According to 2017 research from Deloitte, companies spend over $100 billion annually on training and development activities, yet these efforts often fall flat. That’s because companies design talent management initiatives without the full buy-in of managers and team members.
As a result of this disconnect, companies struggle to identify and promote high-potential workers, and their workforce becomes disengaged. But it doesn’t have to be this way. Talent development can deliver huge rewards, as indicated by a LinkedIn survey in which “94% of employees say they would stay at a company longer if it invested in their learning and development.“
Making talent development programs work requires greater collaboration between HR, managers, and team members.

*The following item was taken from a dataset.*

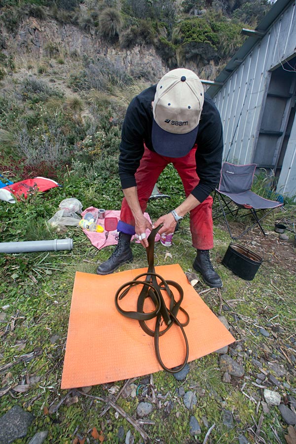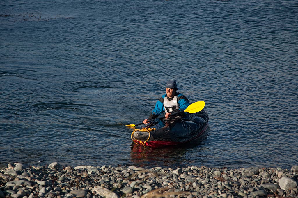 Кроме того начали возникать проблемы с буксируемой байдаркой. Дело в том, что когда у нас обломило первое перо руля, тогда же обломило плавник и у байдарки. Там был приделанный мною плавник от виндсёрфинга. Байдарка у меня рафтинговая и без плавника она не лежит на курсе. плавник обломался и блогополучно утонул. Я соорудил некое подобие плавника, даже не плавника, а нечто такое, что повысит курсовую устойчивость байдарки, из остатков от двух телескопических палок для хождения по горам. До этого момента это работало, но тут стабилизации оказалось недостаточно. В какой-то момент байдарку перевернуло, но тут же, следующая волна вернула её в нормальное положение. Такое неприятное хождение длилось около часа. В конце скального участка был мыс и несколько островов. https://maps.google.de/?ll=-55.337444,- ... 8&t=h&z=15 Справа, мористее от острова было видно как окенская зыбь образует высокие обрушивающиеся валы. Вот где сефингистам раздолье. слева, между мысом и островками тоже было неприятно, там был сулой, правда просматривался и небольшой участок поспокойнее. Похоже там было поглубже. Уже никто не снимал. Все сидели тихо как зайчики. Ну вот и проход, пару сотен метров толчеи, и мы можем уйти за мыс в бухту. У меня на карте было отмечено две-три возможных стоянки. В этой бухте была первая. Заходим в глубь бухты. Тут тихо. Под скалой притулился какой-то одноэтажный дом. Похоже что не жилой. Решаем причалить около него и осмотреться. Причалили, да нежилой, и в существенно лучшем состоянии чем предыдущий около Горна. Похоже это дом ловцов крабов, поскольку рядом мы видим много брошенных крабьих ловушек. Дверь открыта, несколько стекол не хватает, но вполне прилично. Разгружаем катамаран. Я разделываю утреннюю рыбу. Потроха опять идут в вершу, и Женя завозит её на кромку водорослей. Я беру камеру и иду снимать.

It starts with having a shared definition of what talent development really means, to ensure that it supports both individual and business needs.
What Is Talent Development?
Talent development is the area of talent management focused on teaching workers new skills and positioning them for career advancement. AIHR Digital defines talent management as “the full scope of HR processes to attract, onboard, develop, engage, and retain high-performing employees.” But talent development is inextricably related to each of these other areas. After all, development opportunities are integral to recruiting top talent, fostering employee engagement, and retaining them.

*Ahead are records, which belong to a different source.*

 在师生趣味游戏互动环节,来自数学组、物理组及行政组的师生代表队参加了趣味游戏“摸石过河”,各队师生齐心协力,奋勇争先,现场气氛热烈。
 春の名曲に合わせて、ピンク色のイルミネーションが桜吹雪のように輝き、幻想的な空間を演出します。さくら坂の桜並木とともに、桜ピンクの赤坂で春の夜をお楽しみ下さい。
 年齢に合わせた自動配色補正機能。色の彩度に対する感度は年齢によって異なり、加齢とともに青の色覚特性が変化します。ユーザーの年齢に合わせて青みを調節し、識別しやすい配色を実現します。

An important caveat is that companies shouldn’t confuse talent with skills when identifying potential. While you may have hired someone because they’re a spreadsheet ninja, talent development is all about finding people’s aptitude and then teaching them skills.
Companies shouldn’t confuse talent with skills when identifying potential.
Talent Development Programs
A talent development program is a set of processes companies use to identify an employee’s potential and steer them to growth opportunities, according to their skill and the company’s needs. These development opportunities run the gamut, from formal training programs to mentorship to on-the-job experiences.
There are three basic steps to creating a talent development program.
Step one: Identify company goals and needs.
When you know your company’s goals, you can tailor your definition of a “high-potential employee” to meet them.
For instance, if your goal is to design and maintain more of your own applications, then your team needs more technical expertise. Therefore, you’re looking for a fast learner who is interested in acquiring new computer skills. If you have a rapidly growing workforce that needs more structure, you’re looking for a future manager. In that case, you want someone with excellent organizational skills and emotional intelligence.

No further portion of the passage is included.